What you will do —
Using only the entries below, output the lines starting at the one containing "MTV Wangersen - 5. Platz." and ending at the one containing "Рис. 1. Динаміка", exactly and inclusive of both, omitting the pictures.

Recorded data —

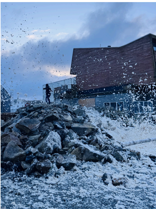
Skrau (skum) i Nordevågen!

Forrige uke har bydd på mange slags vintervær. Fra sterk nordavindskuling som pisket opp hele Nordevågen og sørget for skumparty på Bølgen, til barfrost, "winterwonderland", supersol, supermåne, storm og innstilt rutebåt. NrK Rogaland har snakket med både ordfører og skolen på radio- og TV-sendinger. Sjekk ut lenker til sakene på Utsira kommunes hjemmeside.
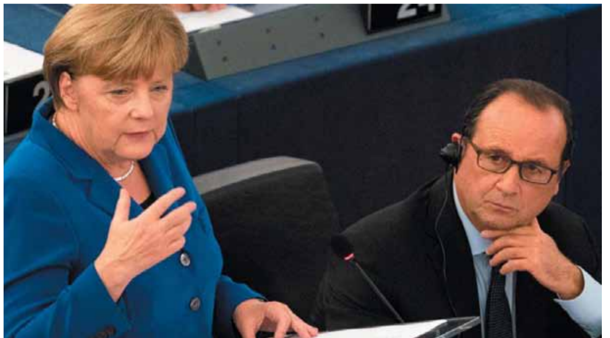
Cervantes 400 éves regényalakja, a bús lovag megrohamozta a szélmalomokat – hanyattesett butaságában

Hollande és Merkel politikája egy kialakult helyzetre irányul, céljuk e helyzet „kezelése”. A velejáró kapkodás, összevissza beszéd, érzélgősség látványosan bizonyítja, hogy a politika célt téveszt, amikor a helyzetet akarja uralni. A helyzet nem a lényeg, hanem a következmény, a térben való elhelyezkedés, az életproblémák és a
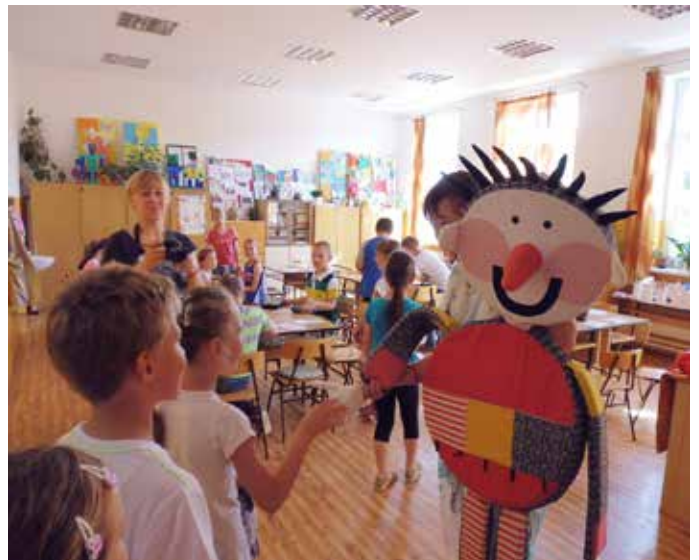
Deti sa predstavujú Osmijankovi
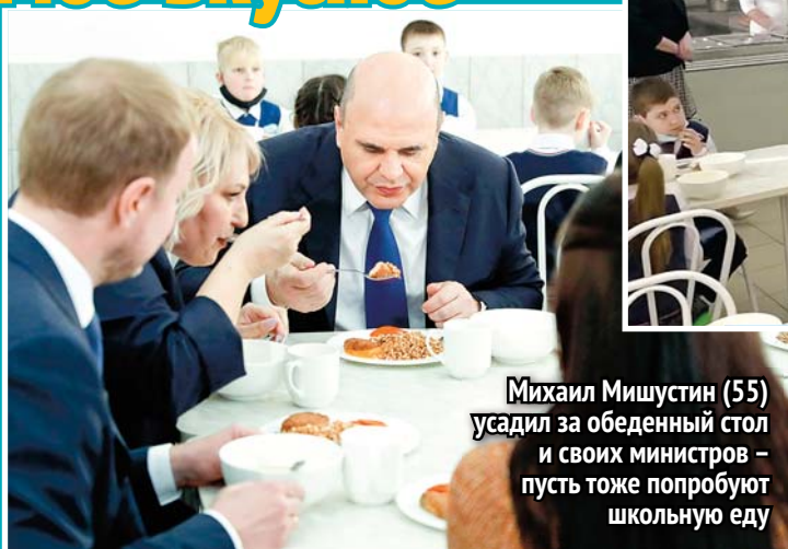
Михаил Мишустин (55) усадил за обеденный стол и своих министров – пусть тоже попробуют школьную еду

ских котлетках и пирожках у него счастливые! Потому глава правительства и озабочен тем, чтобы нынеш-
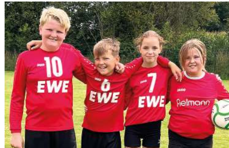
MTV Wangersen - 5. Platz.
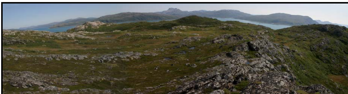
Figur 5: Panoramabilde tatt sørøstover fra Sjetlevikfjellet. Skardsfjorden på Ringvassøya i bakgrunnen.
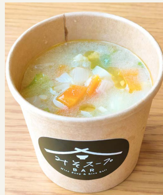
● ミネストローネ 五〇〇円
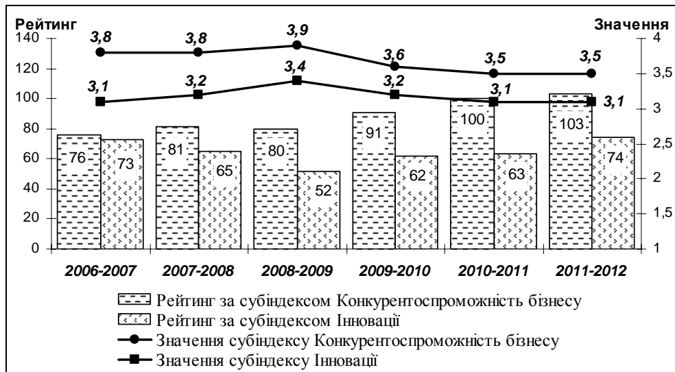
Рис. 1. Динаміка зміни складових групи субіндексів "інновації" та "конкурентоспроможність бізнесу" для України

Здійснений нами порівняльний аналіз рейтингів Індексу глобальної конкурентоспроможності за факторами інноваційності (рис. 1) дозволив зробити узагальнений висновок щодо руху України на шляху зростання конкурентоспроможності: зазначений процес у динаміці непостійний, відбувається на фоні складного за поведінкою бізнес-середовища, через відсутність дієвої та послідовної державної політики наявний науково-технологічний та інноваційний потенціал не реалізується як рушійний фактор, що позначається на низькому рівні економічного розвитку країни.
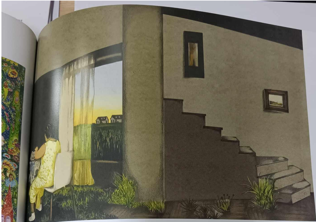
พชวีร์ เสนะประมุ, เมื่อถึงเวลา หมายเลข 2, ภาพพิมพ์ตะแกรงไหม, 60 x 90 ซม. Passawee Senaprem, When is the Time No.2, Silkscreen, 60 x 90 cm
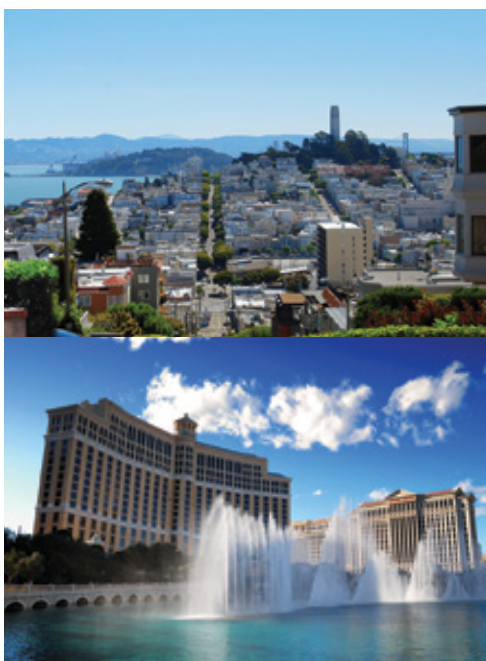
San Francisco—Panorama Las Vegas—I casinò

Al contrario del costo del tour il cui prezzo è fisso e garantito, il costo dell'estensione a New York è da quotare in via definitiva sulla base del periodo di viaggio scelto, sulla base del costo dei soggiorni alberghieri (Alta stagione su tariffe alberghiere: aprile, maggio, giugno, settembre ed ottobre / Bassa stagione su tariffe alberghiere: luglio e agosto). In alcuni hotel potrebbe essere richiesta la carta di credito all'atto del check-in a garanzia.

Reply to the exercise —
MTV Wangersen - 5. Platz.
Figur 5: Panoramabilde tatt sørøstover fra Sjetlevikfjellet. Skardsfjorden på Ringvassøya i bakgrunnen.
● ミネストローネ 五〇〇円
Рис. 1. Динаміка зміни складових групи субіндексів "інновації" та "конкурентоспроможність бізнесу" для України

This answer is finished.